Keeping the confidence level as 20% :
rules_20 = apriori(data = dataset, parameter = list(support = 0.003, confidence = 0.2))
## Apriori
##
## Parameter specification:
## confidence minval smax arem aval originalSupport maxtime support minlen
## 0.2 0.1 1 none FALSE TRUE 5 0.003 1
## maxlen target ext
## 10 rules TRUE
##
## Algorithmic control:
## filter tree heap memopt load sort verbose
## 0.1 TRUE TRUE FALSE TRUE 2 TRUE
##
## Absolute minimum support count: 29
##
## set item appearances ...[0 item(s)] done [0.00s].
## set transactions ...[169 item(s), 9835 transaction(s)] done [0.01s].

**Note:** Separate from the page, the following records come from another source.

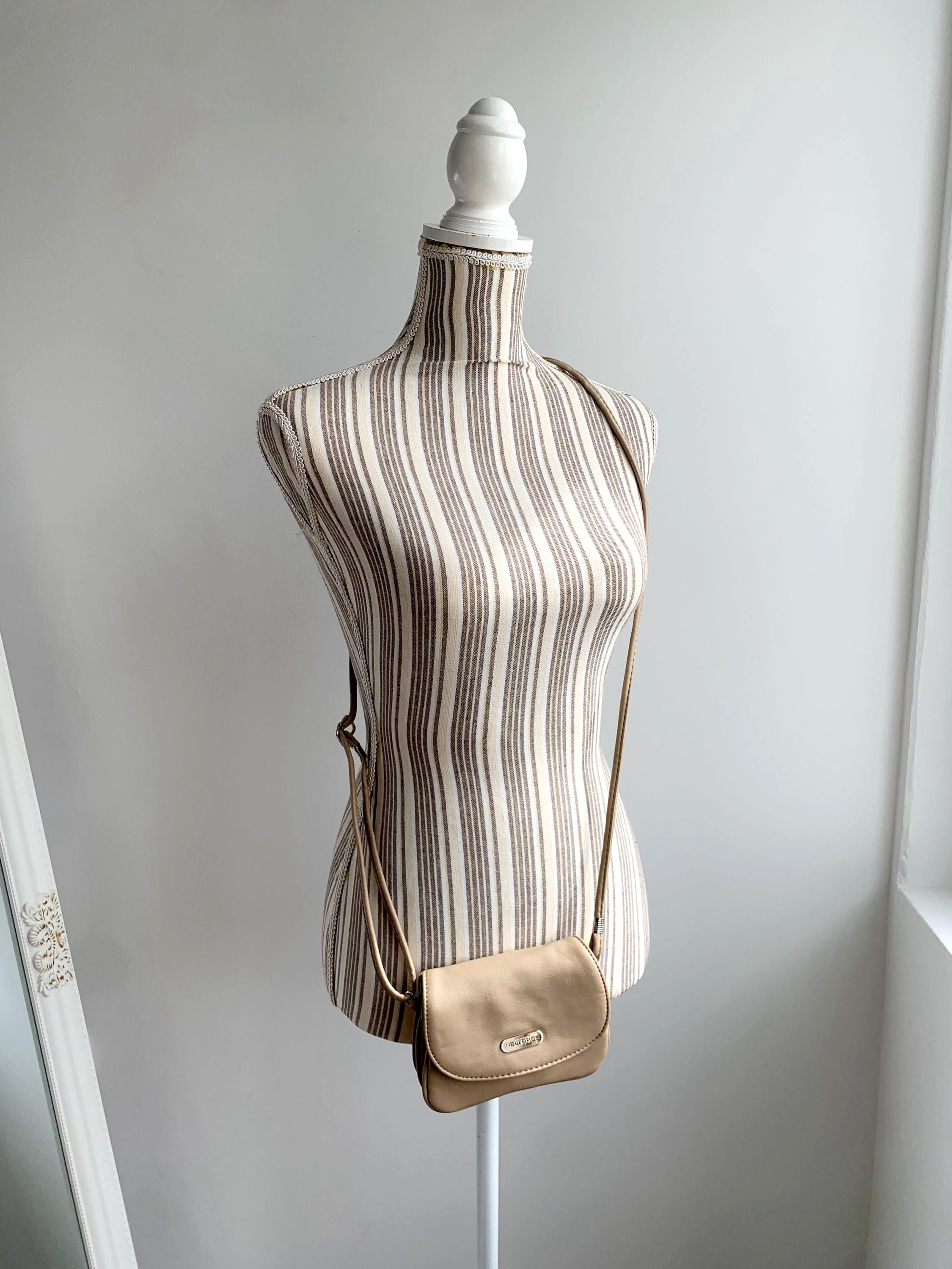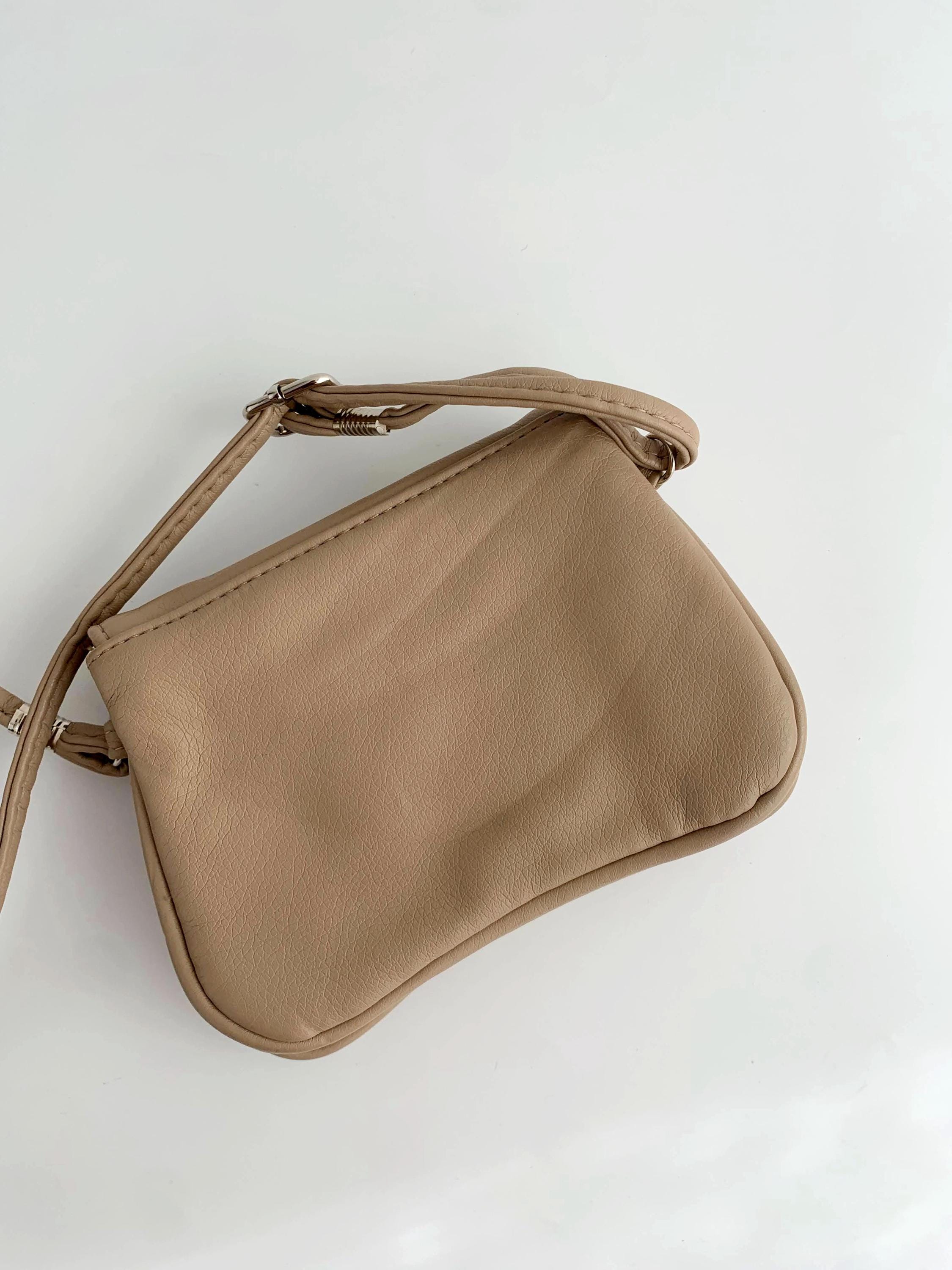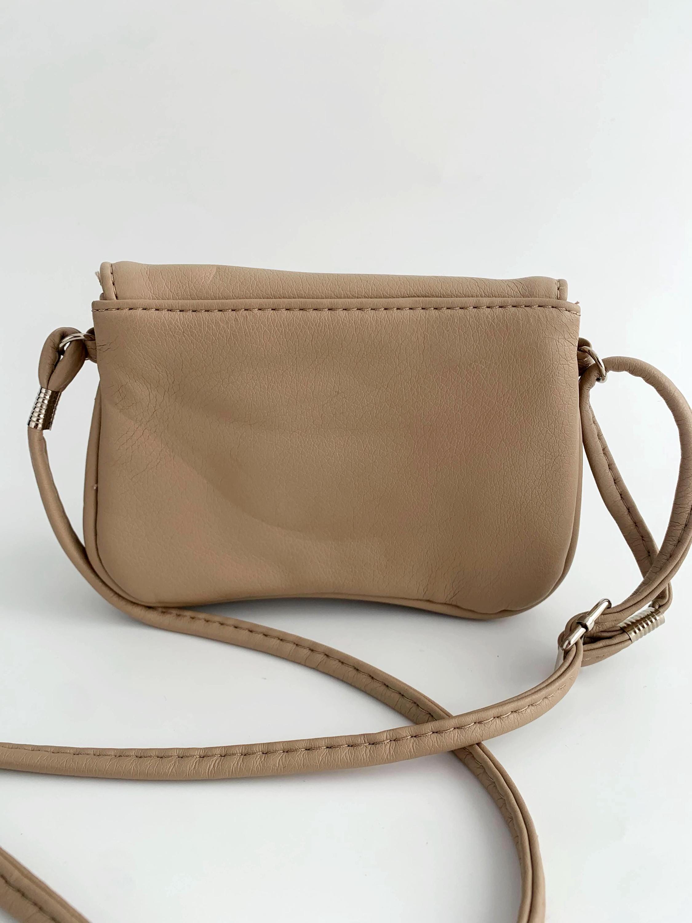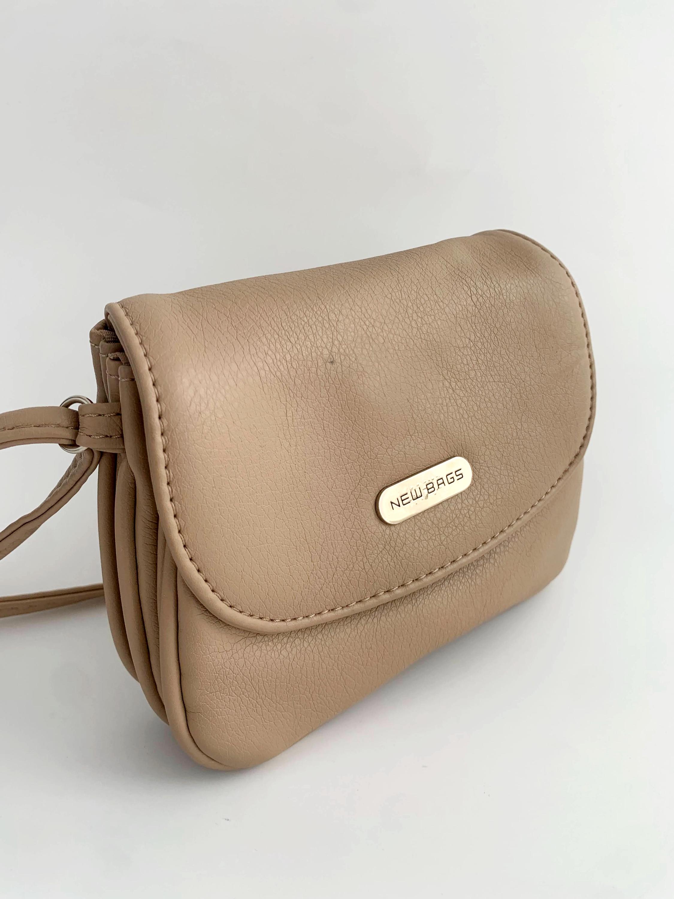 This is a vintage tan beige faux leather mini satchel purse made of super soft vegan leather with flap over magnetic closure and long adjustable strap which allows you to wear it as a shoulder or crossbody bag. This mini satchel purse has three compartments, lined in synthetic fabric
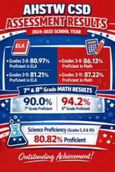 As we continue to review our assessment data for the 2024–2025 school year, we are excited to share the results highlighted in the graphic. It is wonderful to see the positive impact of AHSTW’s teaching and learning efforts on student achievement. Congratulations to our students, staff, and community on this success!
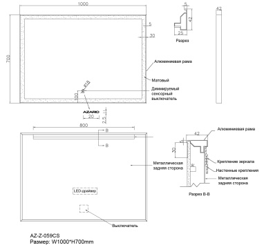 Зеркало AZARIO Alone Raggio 1000х700 влагостойкое с подсветкой, сенсорный выключатель с функцией диммера (CS00078966)
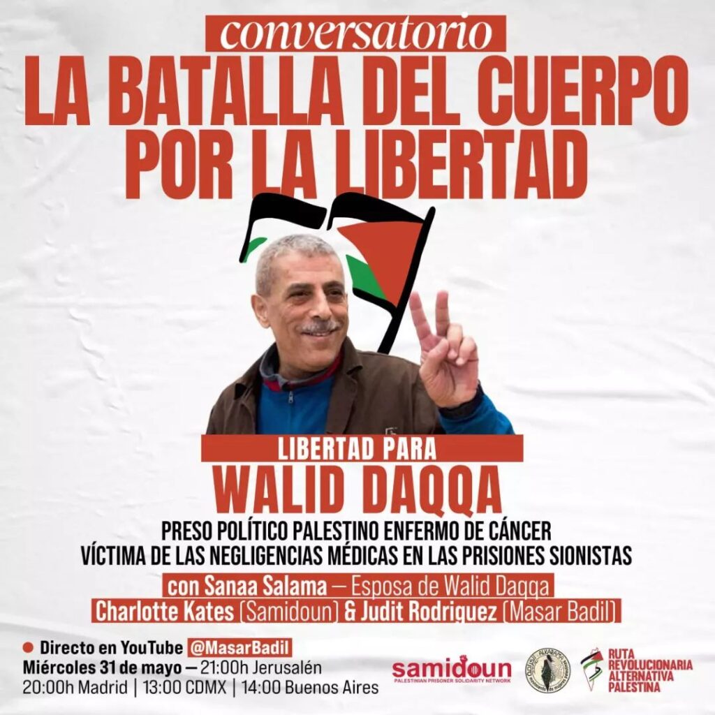 Acude al conversatorio online que tendremos el próximo miércoles 31 a las 20:00h (Madrid) junto a su esposa Sanaa Salama, quien nos actualizará sobre la situación en que se encuentra, así como de la campaña de apoyo #Free_Walid_Daqqah
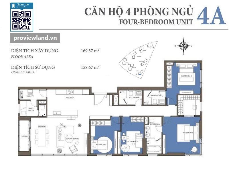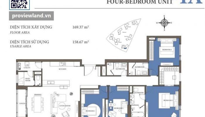 Diamond Island sells Maldives apartments with 4 bedrooms, 3 bathrooms, living room, dressing room, dining room and kitchen with a total area of 169m2.
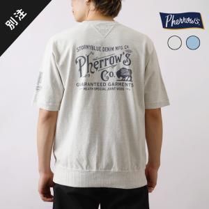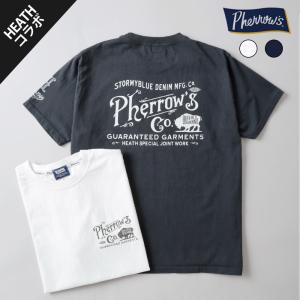 Pherrow's フェローズ 別注 Tシャツ メンズ 半袖 厚手 ヘビーオンス ガゼット 日本製 バックプリント ロゴ アメカジ ヴィンテージ加工 大きいサイズ HEATH M-2XL
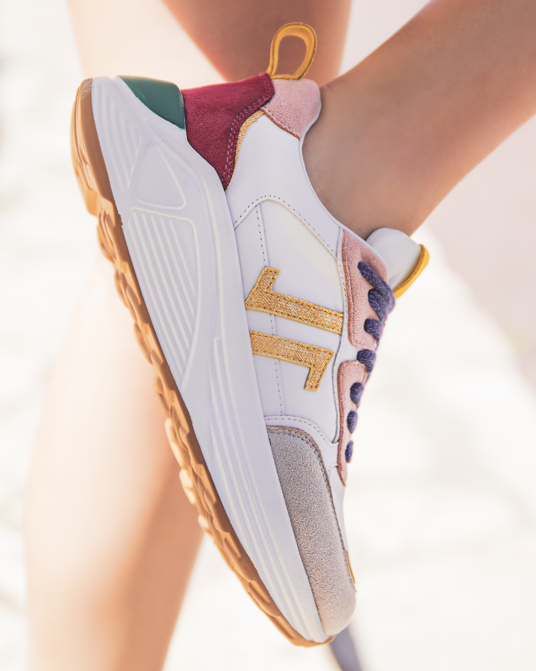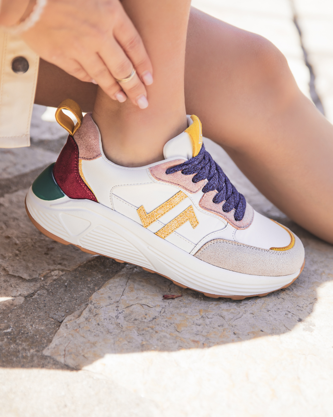 Ajoutez une touche de couleur à votre style avec ces baskets multicolores ornées de lacets violets et de détails jaunes. La fermeture à lacets assure un ajustement parfait et confortable. Parfaites pour une tenue décontractée ou sportive, ces baskets sont idéales pour les femmes recherchant une combinaison de confort et d'originalité. Ces chaussures dynamiques et tendance apporteront une note éclatante à toutes vos tenues, parfaites pour un look audacieux et moderne.
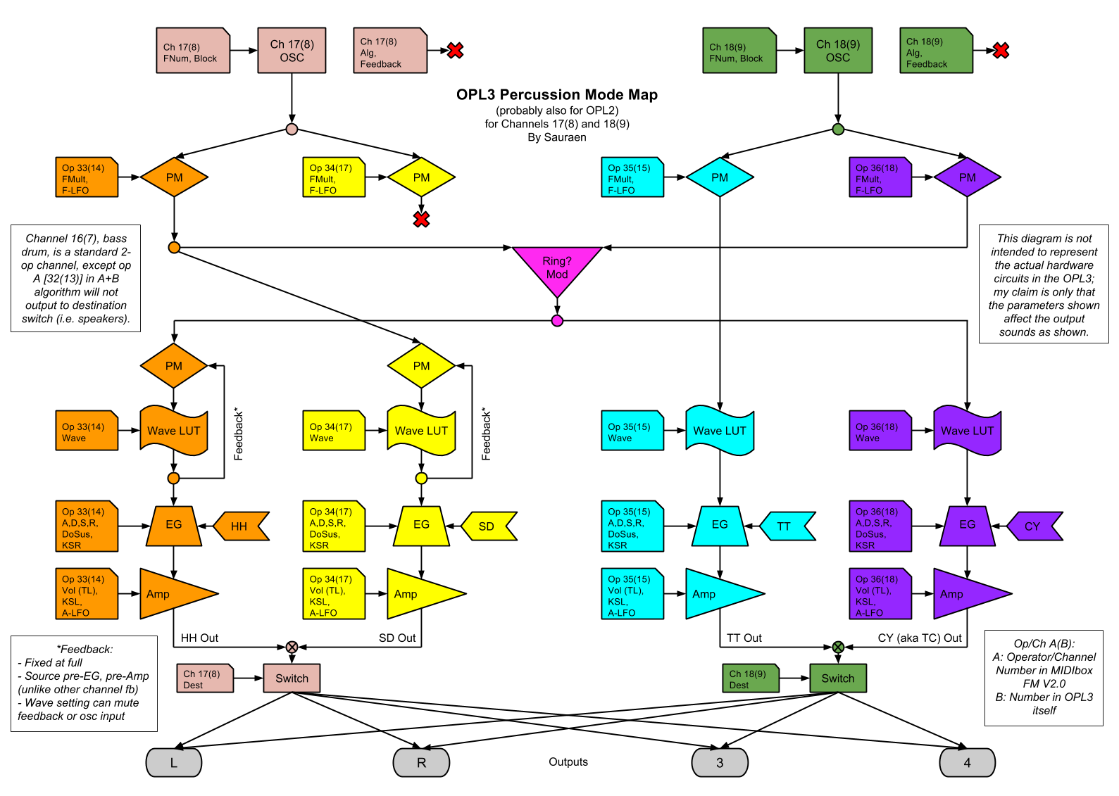 I've looked for a clear explanation of all the parameters in the OPL3's percussion mode, but I've never found one. So I sat down with my MIDIbox FM V2.0 Prototype and drew a diagram of what parameters influence what sound, with a vaguely accurate idea of how they do so. To be clear, these are the parameters for the two channels and four operators that are made into HH/SD/TT/CY within the OPL3, not any parameters specific to MIDIbox FM V2.0.
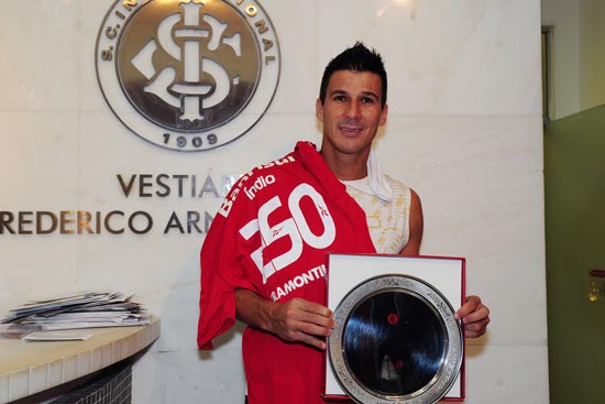 O experiente zagueiro deve fazer sua 254ª partida pelo Inter nesta quarta-feira. No último domingo, após o jogo contra o Universidade, Índio foi homenageado pelo Clube com uma camisa que tinha o número 250 gravado às costas, numa referência à marca que o deixa como o jogador do atual grupo que mais vezes atuou. Além da camisa, Índio também ganhou um prato de metal assinado pelo presidente Vitório Piffero. O próximo objetivo é ser o zagueiro que mais gols marcou pelo Inter em toda a história. No momento, está empatado com Figueroa, ídolo da década de 70, ambos com 26 gols. “Quero fazer mais um gol para entrar de vez na história. É um motivo de orgulho estar aqui, todo o atleta sonha em jogar pelo Inter. Quero dobrar esse número de jogos”, brinca o campeão da Libertadores e do Mundial Fifa em 2006.
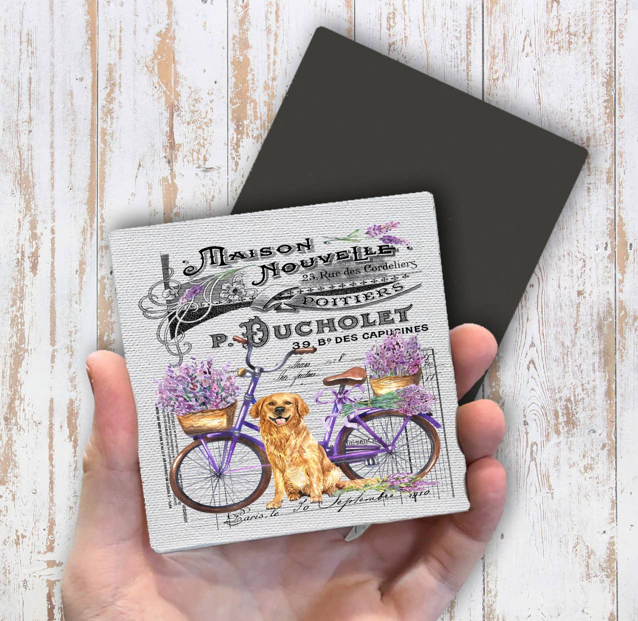 French Lavender Golden Retriever Dog Magnet Fridge - Sets of 2
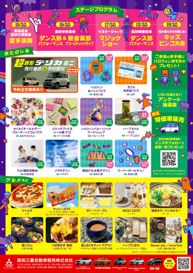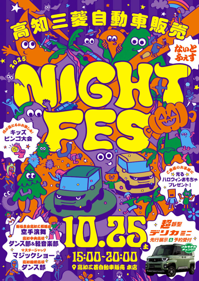 高知三菱ナイトフェス2025 Tweet 「高知三菱自動車販売ナイトフェス2025」フライヤー 裏面 毎年、2回行われている高知三菱自動車販売さま主催のナイトフェス。この年はハロフィン時期に開催されたため、イラストもハロウィンテイストに変更。イラストは高知三菱さんではおなじみのACOさん。テイストはアメリカンな雰囲気にとお願いしました。 2026-02-16 投稿先 Flyer, Poster ← 過去の投稿へ 次の投稿へ →
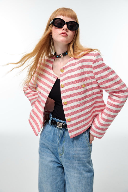 Alexia Sandra Gold Buckle Stripe Jacket Red
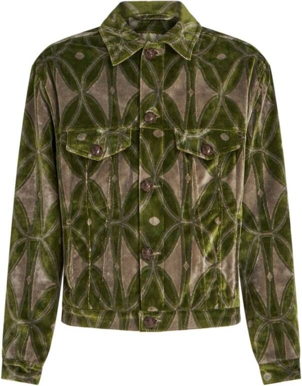 Upgrade je garderobe met deze stijlvolle fluweelachtige jacquard jas van Etro. Ontworpen voor mannen, heeft deze lichte jas een unieke avocado groene en bruine grafische print over de hele jas. Het is voorzien van een klassieke kraag, lange mouwen en decoratieve knoopdetails. De knoopsluiting aan de voorkant, de knoopmanchetten en de borstklepzakken voegen functionaliteit toe aan dit modieuze stuk. Maak je look compleet met deze jas met rechte zoom die elegantie uitstraalt. Verhoog je stijl met Etro
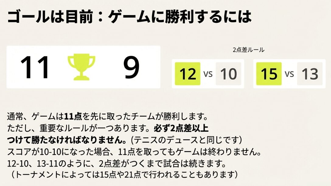 私も10対10からの長いラリーでヘトヘトになったことがありますが、その分勝った時の喜びはひとしおです。なお、大会によっては「3ゲーム中2ゲーム先取(2-out-of-3)」で勝者を決めることも多く、この場合はスタミナ配分も大切な戦略になります。

## sorting and recoding items ... [136 item(s)] done [0.00s].
## creating transaction tree ... done [0.00s].
## checking subsets of size 1 2 3 4 5 done [0.01s].
## writing ... [2246 rule(s)] done [0.00s].
## creating S4 object ... done [0.00s].
rules_20
## set of 2246 rules
So at 20% confidence level,there are a total of 2246 rules.Let’s check the top 10 of these rules of descending order of their lift value
inspect(sort(rules_20, by = 'lift')[1:10])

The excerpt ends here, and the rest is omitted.